ACloudGuru AWS Lambda Notes

How to use and setup AWS Lambda

Lambda

You lose control over the environment. You have to use what they provide. Lambda is a function as a service tool.

It isn't serverless in itself but it is apart of a serverless architecture.

  • Serverless is about APIs
  • Avoid solving the same problems
  • Own your app, not your dependencies

Pay as you go. Pricing matches usage

Functions as a Service

EC2 vs. Lambda

Why Lambda

  • simplicity
  • save $$$
  • easy for ops
  • easy for devs

Use cases

  • ETL Jobs
  • APIs (with API Gateway)
    • Provides Http frontend for Lambda function
  • Mobile Backends
  • Infrastructure automation
  • Data validation
    • Can use like a stored procedure to validate DynamoDB data

How Lambda Works

You are using containers that are run on EC2 instances which are not accessible by you. The containers are resource isolated. 100ms timeouts (which can be configured; they terminate regardless of the state of your process).
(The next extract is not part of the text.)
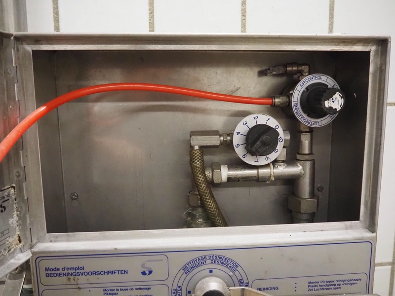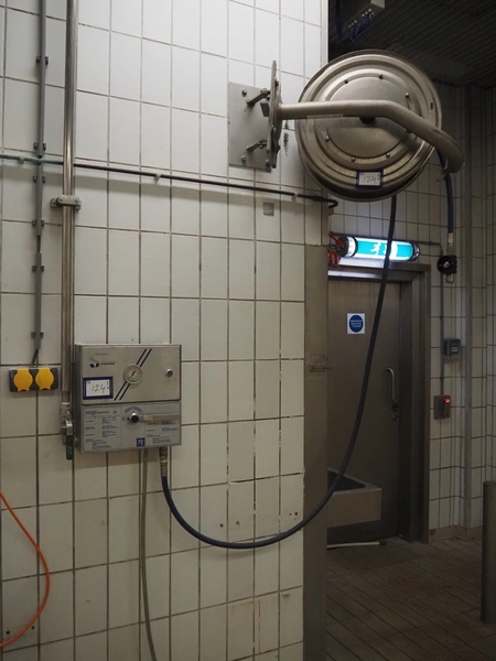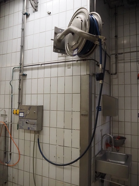 Nederman s/s hose reel, dimensions: 700 mm x 350 mm x 700 mm. Including Scanio Flow-Equipment A/S mixing station for foam, type: S1000.

Application is composed of:

  • Code (and dependencies)
  • Event
    • Schedules
    • S3 Events
    • DynamoDB Streams
    • Kinesis Streams
    • SNS Topics
    • API Gateway
    • SDK Invocation
  • Output (what your function sends back; either to an external service)

Example Workflow

  • S3 is an object store
  • Lambda an receive events
  • Code is stateless
  • Node.js, Python, or Java (any JVM language, Scala or Clojure)

  • Event happens
  • Function receives event
  • Custom code runs

Some event -> some code runs -> some actions happen

Lab 0 -- Hello World

Every Lambda function has a handler that is a mapping to:

  • path to the function to be run
  • Must accept 3 args: event, context, and callback
  • Uses index.js by default (node)
exports.handler = function(event, context, callback) {
	console.log("Hello Mars!");
	return callback(null, "Yo!");
}

IAM

A role can have many policies. policies have statements.

A common way to name roles is on the job that it is doing.

i.e. an image-processor role.

CPU Performance and Lambda

Memory is what changes the cost. The CPU scales with memory. Up to 1.5 GB of memory.

Finish Creation

Export the function:

Test the function:

And the test succeeded:

Wiring up CloudWatch

Cloudwatch logs are automatically collected and stored, searchable, and timestamped automatically.



Lab 1

S3

Make the bucket

aws s3 mb s3://adw-lambda-labs
aws s3 cp sample.csv s3://adw-lambda-labs

Use a blank function definition

Set the event trigger.

Event types are the events that you can receive in your Lambda function. For this lab, we'll use object created.

We'll be restricting the suffix to .csv

Searching for the Trigger:

S3 Trigger Filled Out:

Function definition:

Role:

Complete:

Upload code using Zip file:

aws lambda update-function-code --zip-file=fileb://csv_parse.zip --function-name cloudguru-lab-1

Update handler to match zip file:

aws lambda update-function-configuration --function-name cloudguru-lab-1 --handler csv_read.handler


{
    "CodeSha256": "i364wBcJ4zZepGkWtOb/GvvEJrXBtY/k/wVLzSQ6fqU=",
    "FunctionName": "cloudguru-lab-1",
    "CodeSize": 1395,
    "MemorySize": 128,
    "FunctionArn": "arn:aws:lambda:us-west-2:592028804584:function:cloudguru-lab-1",
    "Version": "$LATEST",
    "Role": "arn:aws:iam::592028804584:role/service-role/cloudguru-lab-1-role",
    "Timeout": 3,
    "LastModified": "2016-12-17T21:06:21.781+0000",
    "Handler": "csv_read.handler",
    "Runtime": "nodejs4.3",
    "Description": ""
}

Updated Test:

Test Result:

Try another upload and then check the logs:

aws s3 cp sample.csv s3://adw-lambda-labs/sample2.csv

Versioning and Qualifiers

  • Versioning through code upload
    • Has unique identifier
  • Qualifiers are named pointers that point to a given version
    • e.g. PROD points to v1
  • Functions use $latest by default

Can be used differentiate dev and prod environments and to differentiate different versions of functions.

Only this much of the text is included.